In 1653 he was appointed one of the 'triers for the approbation of ministers.' He subsequently obtained from Sir Simon Archer of Umberslade Hall the rectory of Solihull, Warwickshire. After some years there his health gave way, and resigning his benefices he went to live at Sutton Coldfield, where he died on 16 May 1662. He was buried in the church of Sutton Coldfield.

==Works==

The following are his main works:

- An Apology in Defence of the Geneva Notes on the Bible (written circa 1612).
- A Patterne of Pietie, or the Religious life and death of that grave and gracious Matron, Mrs. Jane Ratcliffe, Widow, and Citizen of Chester, 1640.
- Sunday a Sabbath, or a preparative Discourse for discussion of Sabbatary doubts, 1641.
- The Christian Sabbath maintained, in Answer to a book of Dr. Pocklington styled "Sunday no Sabbath." Reply to John Pocklington.
- 'A Letter against the Erection of an Altar,' 1641.
- 'A Case of Conscience concerning the Sacrament of the Lord's Supper,' 1641.
- 'Defensive Doubts, Hopes and Reasons for Refusall of the Oath imposed by the sixth Canon of the late Synod,' 1641.
- 'A Comparison of the Parliamentary Prostestation with the late Canonical Oath,' 1641.
- 'A Discourse concerning Puritans,' 1641.
- 'A Monitor of Mortality,' 1643 (two funeral sermons).
- 'Fury of War and Folly of Sin,' 1643, a sermon.
- 'The New Quere and Determination upon it, by Mr.

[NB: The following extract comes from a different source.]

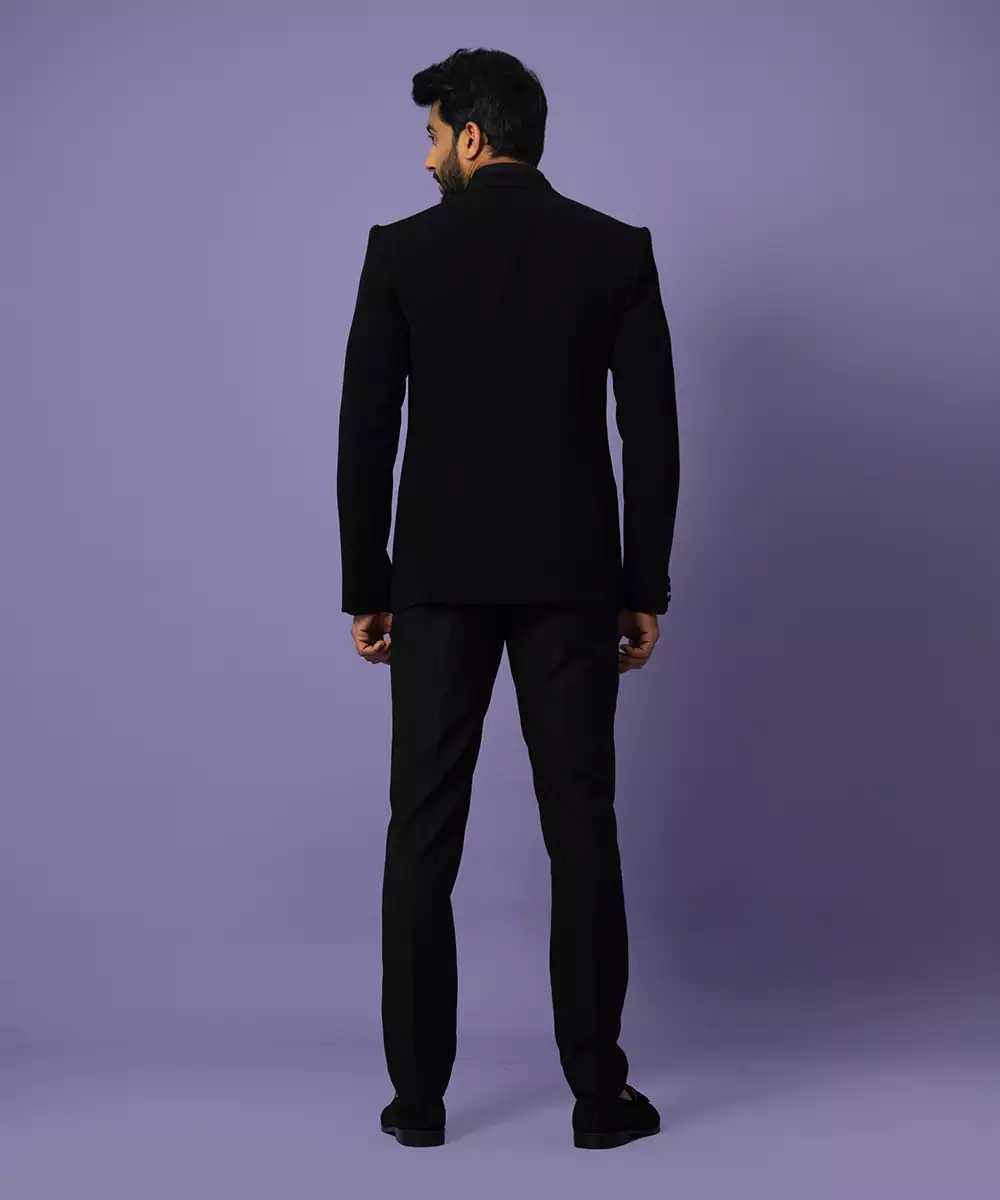 Featuring A Black Suit Set Embroidered With Pintucks & Cutdana Work Paired With Black Trousers.

Saltmarsh ... examined,' 1646.
- 'Apologetical Narrative of the late Petition of the Common Council and Ministers of London,' 1646.
- 'Light for Smoak, or a cleare and distinct Reply to a dark and confused Answer in a book made and entitled "The Smoke in the Temple" by John Saltmarsh,' 1646.

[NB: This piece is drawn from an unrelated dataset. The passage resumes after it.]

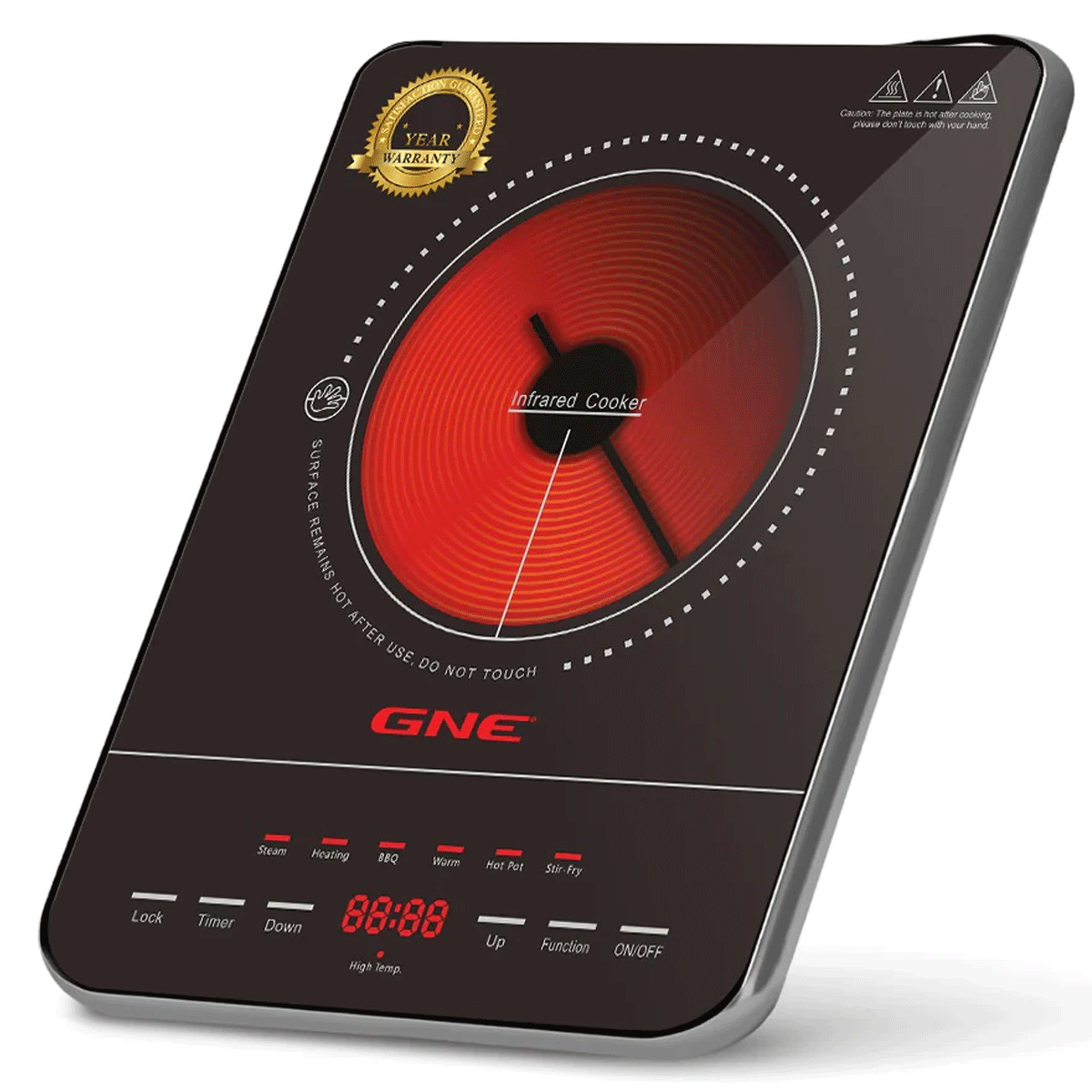 Gaba National Infrared Cooker - GN-142/22 Features: Whole A grade black tempered glass plate. Sliding touch control LED Display. Child Safety lock/Timer (0-240 minutes). 8 intelligent cooking functions. 8 level power setting 200w-2000w. 8 level temperature setting 100C-600C. Rated 220V-240V, 50/60/Hz, 200W.

- 'An After-reckoning with Mr. Saltmarsh,' 1646.
- 'Attestation of the Ministers of Cheshire to the Testimony of the Ministers of the Province of London,' 1648.
- 'Elaborate Annotations on the Pentateuch,' 1651.

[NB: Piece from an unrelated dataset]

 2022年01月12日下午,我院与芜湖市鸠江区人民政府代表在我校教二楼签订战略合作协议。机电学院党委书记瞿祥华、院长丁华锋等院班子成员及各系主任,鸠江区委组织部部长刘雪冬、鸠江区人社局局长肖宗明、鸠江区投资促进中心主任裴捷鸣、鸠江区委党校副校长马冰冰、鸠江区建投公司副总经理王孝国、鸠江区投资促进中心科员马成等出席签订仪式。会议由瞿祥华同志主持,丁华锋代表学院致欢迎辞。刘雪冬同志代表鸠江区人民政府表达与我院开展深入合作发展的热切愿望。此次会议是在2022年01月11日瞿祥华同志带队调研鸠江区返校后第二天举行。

- 'A Learned Defence for the Legaluty of Tithes,' Oxford, 1653.
- 'General Reasons against the Payment of a fifth part to Sequestered Ministers' Wives and Children ... whereto are added special Reasons against the Payment of a fifth part to Dr. E. H[yde] out of the Rectory of Brightwell,' 1654.
- 'Debate concerning the English Liturgy drawn out in two English and two Latin Epistles, written betwixt Edward Hyde and John Ley,' 1656.
- 'Discourses or Disputations, chiefly concerning matters of Religion,' 1658.
- 'Animadversions on two printed Books of Joh. Onely, a Lay Preacher.'
- 'Equitable and Necessary Considerations for the Association of Arms throughout England and Wales.'
- 'Comparison of the Oath of the Sixth Canon of the last Synod of Bishops and the Protestation set forth by the Parliament, in Answer to a letter of Pedoel Harlow, Gent.'
- 'Exceptions Many and Just, being an Answer to two injurious Petitions against Tithes.'

He was an important contributor to the Westminster Annotations (Annotations upon all the Books of the Old and New Testament, 1645), with Meric Casaubon, John Downame, Daniel Featley, Thomas Gataker, William Gouge, Adam Pemberton, John Reading, Edward Reynolds, and Francis Taylor.